# Amazing Apprentice Set



## BXSquish (Nov 30, 2012)

Just saw this on amazon. I think it's a great starter set for my first set of tools. Any opinions?

http://www.amazon.com/gp/aw/d/B000WMTFWU


----------



## BEAMEUP (Sep 19, 2008)

that is a good set, and the price is about $12.00 per tool on average. I would buy it.


----------



## 99cents (Aug 20, 2012)

I don't know if it's amazing but it's a good set. The canvas tool bag is pretty pathetic. You will need to buy a decent tool bag/tote/box and probably a pouch.

You're local supplier can probably match the price.


----------



## Wpgshocker (Jan 25, 2013)

I don't want to knock Klien, I don't see them as being top dog anymore, that said one of our new guys bought this:

http://www.amazon.com/Greenlee-0159...1371886&sr=8-51&keywords=Greenlee+electrician


It is actually a pretty decent set. For a couple bucks more, you get a little more value for the buck.
I know the die hard Klein guys will tear me a new one, but they just don't hold up like they used to.
Not including the linesmen of course.


----------



## kawimudslinger (Jan 29, 2010)

Most Greenlee hand tools suck. They should just stick to making hole making products. The Klein set looks pretty good, and you can add/remove from it over time.


----------



## 99cents (Aug 20, 2012)

Wpgshocker;93734 the0 said:


> I don't want to knock Klien, I don't see them as being top dog anymore, that said one of our new guys bought this:
> 
> http://www.amazon.com/Greenlee-0159...1371886&sr=8-51&keywords=Greenlee+electrician
> 
> ...


I guess nobody would steal them.

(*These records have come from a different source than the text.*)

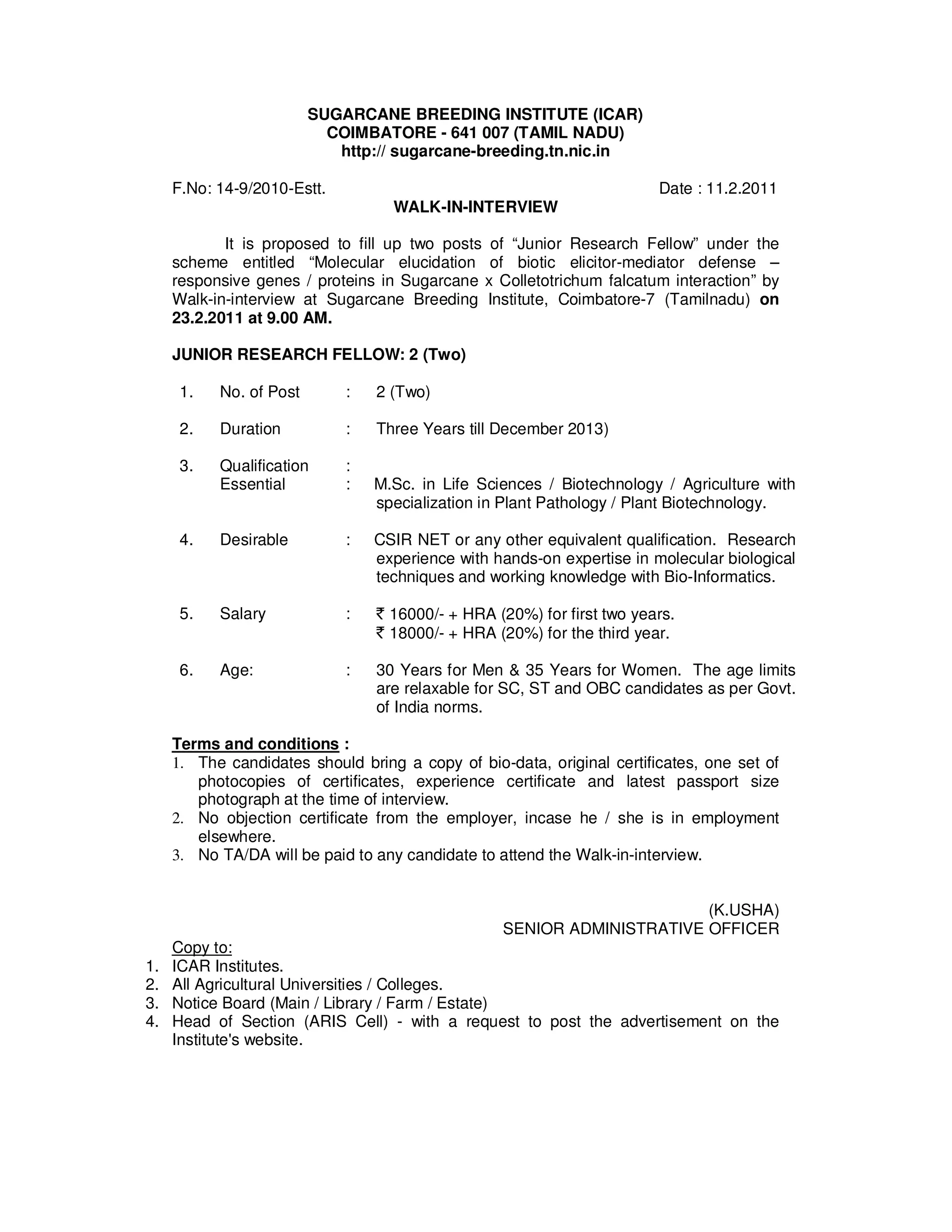 The Sugarcane Breeding Institute in Coimbatore, Tamil Nadu is holding a walk-in interview on February 23, 2011 to fill two positions for Junior Research Fellow under a scheme studying molecular defense responses in sugarcane against Colletotrichum falcatum. Candidates with an M.Sc. in life sciences, biotechnology or agriculture specializing in plant pathology or biotechnology are eligible. Experience with molecular techniques and bioinformatics is desirable. The position offers a salary of Rs. 16,000-18,000 per month plus HRA depending on years of experience.
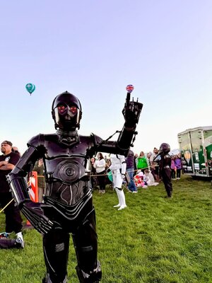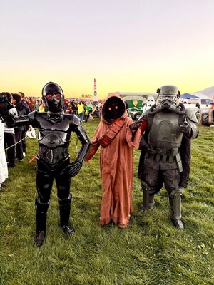 Got to take the death trooper out for a zoo troop and see how it did. Lots of fun, and lots of things to fix. First off, the cooling vest suggestion was a life saver in tandem with some big ol’ fans in my bucket. I was actually reasonably comfortable for the troop. The first big issue though, was my ability to walk. As you can see in this picture, my leg armor is touching, no good there. That is getting further trimmed. Second, my helmet pressed on my nose which was not immediately obvious to me that it would be an issue, until of course I was light headed and out of breath. I have modified my padding so it sits higher, and furthermore does not rest on my nose at all. Still waiting for official approval from GMLs but I have plenty I can work on in the meantime time. Thanks all for the help so far!2 points
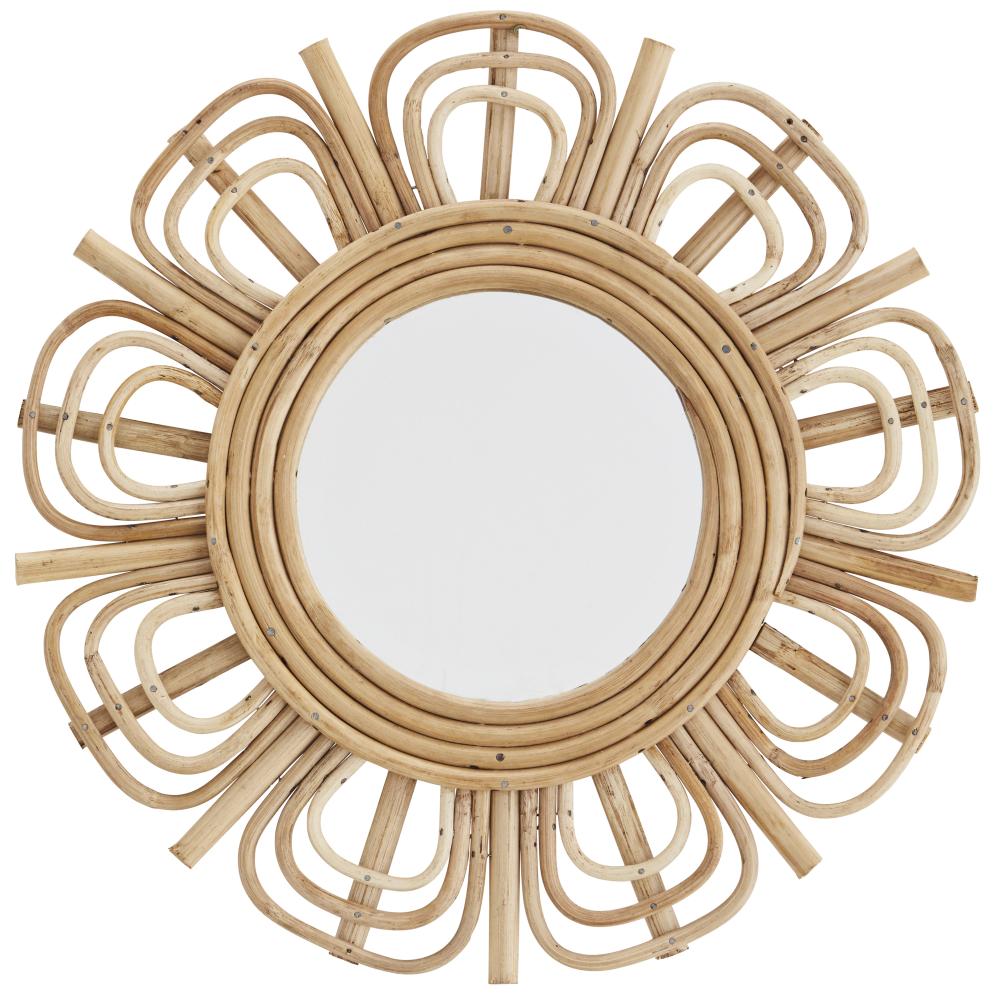 This fantastic mirror from Madam Stoltz will add an eye-catching detail to your home. The artistic design is inspired by flowers, and is finished with a fine frame in bamboo creating an artistic piece. The wall mirror has a diameter of 45 cm. The mirror is made with natural materials and each item can vary slightly in appearance as a result.
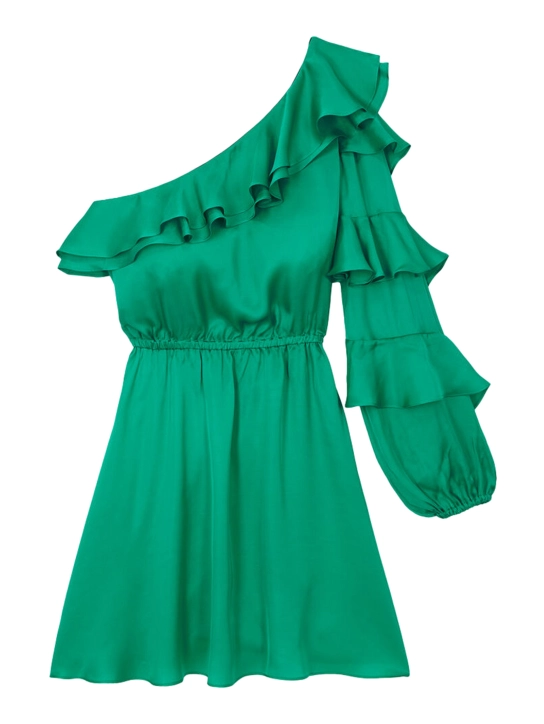 Το απόλυτο statement φόρεμα φέρει την υπόγραφή της The Kooples. Η εικόνα μιλάει από μόνη της σ’ αυτό το τόσο εντυπωσιακό φόρεμα. Το έντονο πράσινο χρώμα, η ιδιαίτερα κολακευτική γραμμή αλλά και τα βολάν του είναι τα στοιχεία που θα τραβήξουν τα βλέμματα, όπως κι αν επιλέξετε να το φορέσετε. Χαρίστε του rock διάθεση συνδυάζοντάς το με δερμάτινα μποτάκια και ζώνη ή μετατρέψτε το σε ένα απόλυτα glamorous κομμάτι, φορώντας το με χρυσά αξεσουάρ και πέδιλα.
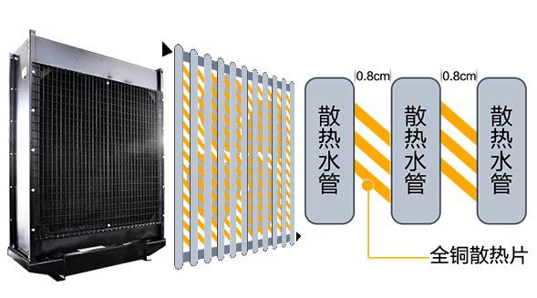 散热水箱 散热水箱主要作用为以水为介质交换柴油机内热量,达到降低机体温度的目的。 水箱由竖排列的一根根水管串联,间隙填充金属散热片。 国标每根水管的排列间隙为0.8CM,水管均采用金属制,符合国标,***不掺假。

That's gotta be the ugliest shade of green I have ever seen.


----------



## Legion (Oct 19, 2010)

kawimudslinger said:


> Most Greenlee hand tools suck. They should just stick to making hole making products. The Klein set looks pretty good, and you can add/remove from it over time.


Agree. I really haven't been too impressed with Greenlee's hand tools. Greenlee seems to make great tools and equipment, when priced over $100. Just about everything less than that, excluding their rebranded levels, seem to be pretty subpar. I'd be curious if the principal distinction is what Greenlee actually designs and manufacturers versus just contract produced and rebranded tools to expand their name recognition.


----------



## HARRY304E (Sep 15, 2010)

Wpgshocker said:


> I don't want to knock Klien, I don't see them as being top dog anymore, that said one of our new guys bought this:
> 
> http://www.amazon.com/Greenlee-0159...1371886&sr=8-51&keywords=Greenlee+electrician
> 
> ...


:boxing:


Just kidding..:laughing:


----------



## HARRY304E (Sep 15, 2010)

Wpgshocker said:


> I don't want to knock Klien, I don't see them as being top dog anymore, that said one of our new guys bought this:
> 
> http://www.amazon.com/Greenlee-0159...1371886&sr=8-51&keywords=Greenlee+electrician
> 
> ...


That is a better set , It comes with a pouch and belt.,However I would get Klein linesman's


Welcome to the trade,,,BXSquish


----------



## Colorado Fatboy (Apr 25, 2009)

I too think the Greenlee hand tools are not near the quality of Klein. I'd get that Klein set if I were you. Greenlee does make some very high quality bending and hole making tools, they should stick to that. :thumbsup:


----------



## dougmedic (Dec 10, 2012)

Wpgshocker said:


> ....It is actually a pretty decent set. For a couple bucks more, you get a little more value for the buck......


What's with all these sets not having basic Robertson's?
I dont understand why they'd sell an "Electrician's" set w/o at least #1 & #2 Robertson screwdrivers??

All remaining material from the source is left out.